» **PROBLEM REQUIREMENTS**
In the listing below, find the line holding "活动开始前,修车志愿者们已提" and the line holding "In Figure 6, both". Write out those two lines and all lines between, exactly, and nothing more.

» **TASK INPUT**
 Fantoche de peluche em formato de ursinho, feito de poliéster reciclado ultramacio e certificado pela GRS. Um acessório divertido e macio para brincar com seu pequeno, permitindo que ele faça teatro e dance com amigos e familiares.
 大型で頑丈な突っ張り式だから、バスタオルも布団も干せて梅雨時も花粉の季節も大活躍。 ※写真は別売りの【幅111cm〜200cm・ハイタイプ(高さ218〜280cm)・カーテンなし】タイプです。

==

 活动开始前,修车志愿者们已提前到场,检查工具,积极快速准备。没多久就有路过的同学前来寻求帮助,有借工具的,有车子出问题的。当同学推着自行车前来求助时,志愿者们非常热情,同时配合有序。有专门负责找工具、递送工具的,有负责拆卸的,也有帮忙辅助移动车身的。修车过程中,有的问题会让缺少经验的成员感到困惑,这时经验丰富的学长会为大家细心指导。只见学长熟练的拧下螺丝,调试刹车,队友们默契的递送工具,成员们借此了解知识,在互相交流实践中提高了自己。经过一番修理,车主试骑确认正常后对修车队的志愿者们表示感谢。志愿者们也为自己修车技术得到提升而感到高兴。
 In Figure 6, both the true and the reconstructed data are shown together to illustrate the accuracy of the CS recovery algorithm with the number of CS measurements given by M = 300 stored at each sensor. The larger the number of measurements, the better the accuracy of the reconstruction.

---

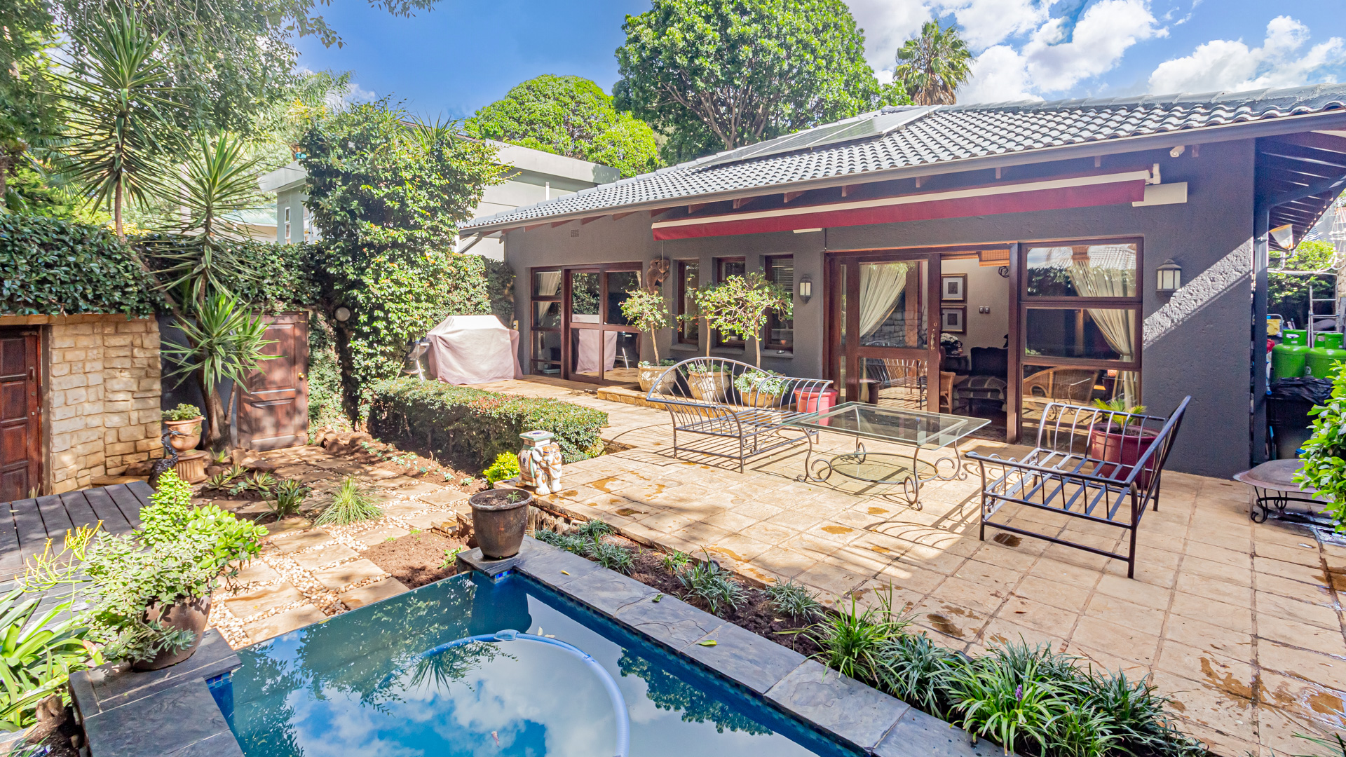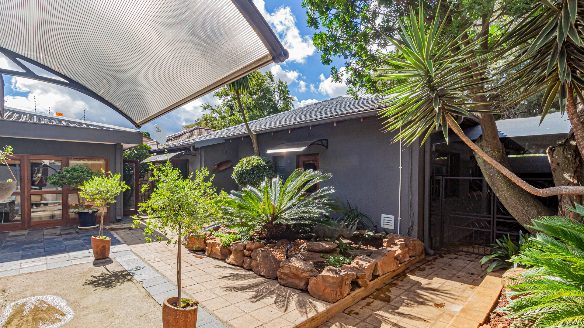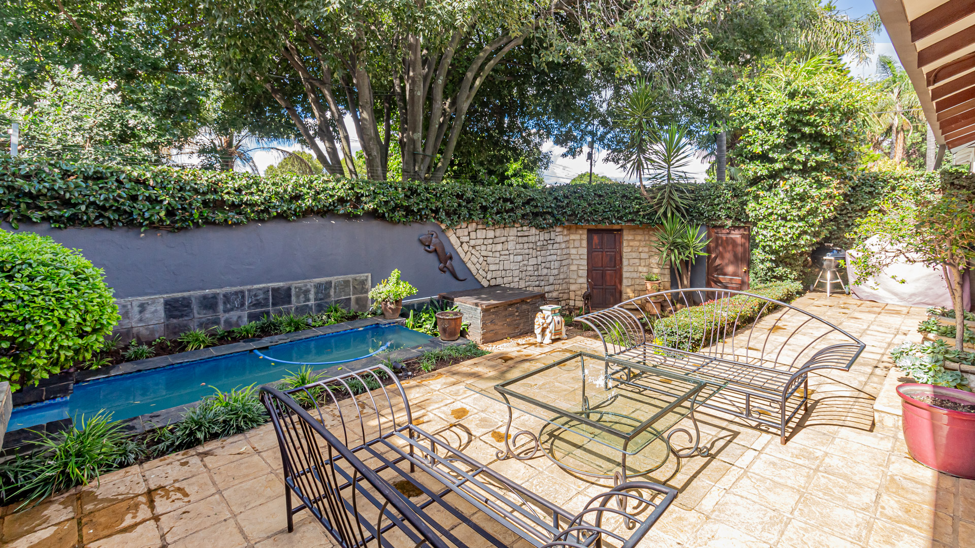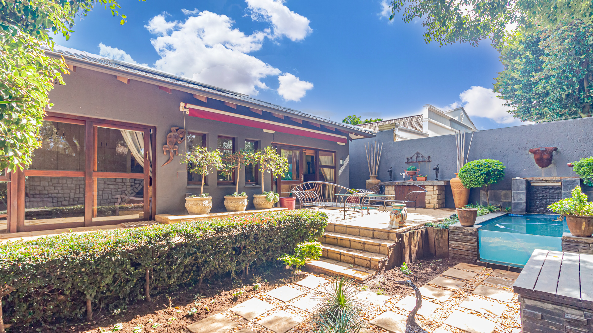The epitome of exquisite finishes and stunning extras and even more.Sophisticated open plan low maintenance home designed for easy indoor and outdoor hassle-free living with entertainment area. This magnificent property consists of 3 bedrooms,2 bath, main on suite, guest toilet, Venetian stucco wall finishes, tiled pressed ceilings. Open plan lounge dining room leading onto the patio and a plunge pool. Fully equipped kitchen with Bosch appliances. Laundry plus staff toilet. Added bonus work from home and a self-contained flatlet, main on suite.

» **EXERCISE OUTPUT**
 活动开始前,修车志愿者们已提前到场,检查工具,积极快速准备。没多久就有路过的同学前来寻求帮助,有借工具的,有车子出问题的。当同学推着自行车前来求助时,志愿者们非常热情,同时配合有序。有专门负责找工具、递送工具的,有负责拆卸的,也有帮忙辅助移动车身的。修车过程中,有的问题会让缺少经验的成员感到困惑,这时经验丰富的学长会为大家细心指导。只见学长熟练的拧下螺丝,调试刹车,队友们默契的递送工具,成员们借此了解知识,在互相交流实践中提高了自己。经过一番修理,车主试骑确认正常后对修车队的志愿者们表示感谢。志愿者们也为自己修车技术得到提升而感到高兴。
 In Figure 6, both the true and the reconstructed data are shown together to illustrate the accuracy of the CS recovery algorithm with the number of CS measurements given by M = 300 stored at each sensor. The larger the number of measurements, the better the accuracy of the reconstruction.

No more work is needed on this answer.